3.1 Physical Features

Several physical features influence the economics of fishponds. All are important, but only a few have been analyzed to determine their impact. Among those physical features are:

3.1.1 Climate

- Productivity in fishponds depends on the prevailing weather and climate in the area. In addition, the growing of long-term crops, such as “sugpo” are not recommended if the culture period will be hampered by unfavorable weather conditions.

3.1.2 Soils

- Soils are very important in the economics of fishponds production. Sandy clay soils used for dike construction is preferred for its compactness. It also provides a better situation in fertility management. Soil fertility may be depleted under intensive fish culture so fertilizer is added to increase production. Fertile soils are especially important during the first few years of fishpond production. Soil types which have long-term effects are those which have high acid characteristics. Acids are leached into the fishponds from the dikes; lime may be a solution. Potential acid sulfate soil is a continuing problem when it is used for dike construction.

3.1.3 Elevation

- The range of ground elevations suitable for construction of fishponds is discussed in the Engineering section of this manual. Higher elevations require a very expensive process to make them suitable for fishpond purposes especially when the source of water can only be obtained from tidal flows. Pumping water by mechanical means is also expensive.

3.1.4 Topography

- Leveling costs will vary according to the topography of the area. Levelled areas reduce production costs during pond preparation. Leveling facilitates growth of fish food where lab-lab is grown.

3.1.5 Vegetative cover

- The density of plant cover is directly related to the costs of clearing an area for fishpond purposes. Larger trees increase costs of clearing especially when using mechanical methods.

3.1.6 Floods

- During floods, fish stock may escape which results in losses. Increasing the height of the dikes to protect the area will add to the cost of construction.

3.1.7 Accessibility

- A readily accessible area will lower costs and increase profit.

3.1.8 Size of area

- The size of the fishponds is intimately connected with economics. Larger areas require more funds to develop and to maintain. Total receipts, expenses and net income per farm generally increase with farm size. However, when measured on a per hectare basis, total receipts and net income drop on areas larger than 10 hectares.2

3.2 Procurement of Materials and Supplies

Establishing a fishpond requires various materials for the construction of gates, buildings, equipment and tools which include catching nets, screens, banca, flat boat or bamboo raft, bolo, digger, shovel and other related items. Other materials needed include lumber, cement, steel bar, galvanized iron, nails, nets, gravel and sand, bamboo, tying materials and others. The major source of these materials are big towns and cities, however, it will be economical if some substitutions are made with available local materials like lumber, bamboo, nipa, sand, gravel and others.

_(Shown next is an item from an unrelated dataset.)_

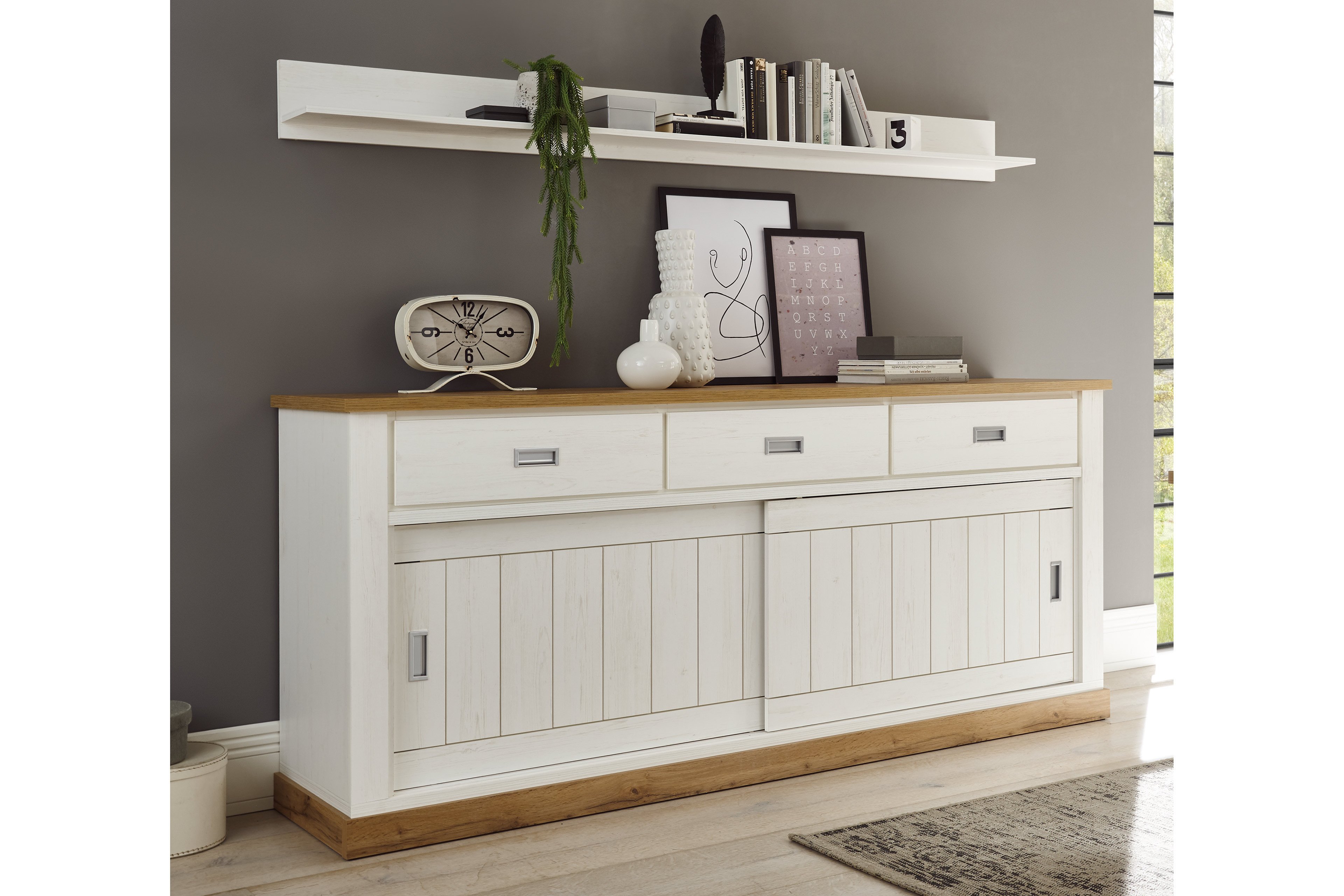 Eine wunderbare Ergänzung im schlichten und trotzdem modernen Design möchten wir Ihnen nun zeigen. Das Sideboard und das Wandboard der Serie Orlando aus dem Hause Kollektion Letz bestechen durch den zeitgemäßen Look, welcher seine Untermalung mit der matt weißen Pinien-Ausführung und den Absetzungen in Wotan Eiche erhält. Auch die silberfarbenen Kunststoffgriffe unterstützen das elegante Äußere. Darüber hinaus finden Sie ausreichend Stauraum hinter den beiden Schiebetüren, in den drei Schubkästen sowie auf der großzügigen Ablagefläche. All Ihre Habseligkeiten, wie persönliche Sachen, alltägliche Gegenstände, wunderschöne Dekoration oder aber auch diverse Kleidungsstücke, können so ordentlich und aufgeräumt untergebracht werden. Sichern Sie sich noch heute diese stylische zweiteilige Set von Kollektion Letz als Ergänzung für Ihr Wohnzimmer, für Ihren modernen Essbereich oder für Ihr gemütliches Schlafzimmer. Mit der Möbelserie Orlando von Kollektion Letz holen Sie sich zeitgemäßes Flair in Ihre vier Wände und schaffen sich eine wahre Wohlfühlatmosphäre.

Production supplies like seed stock, fertilizer, chemicals and feeds, can be obtained locally. Where available, “bangus” and “sugpo” fry can be gathered within areas nearby. Fertilizers and chemicals are available at distribution centers in most towns. Rice bran is abundant in rural areas when supplemental feeding is necessary.

3.3 Marketing

Brackishwater fishponds are one of the most important sources of fish consumed in the Philippines. With the introduction of technological advances, high production has been achieved, however, marketing of the output may well become a problem to producers. Information on various marketing practices have been reported from the results of studies conducted by some government agencies. These are important guidelines in improving the marketing system for fishpond fish in the country.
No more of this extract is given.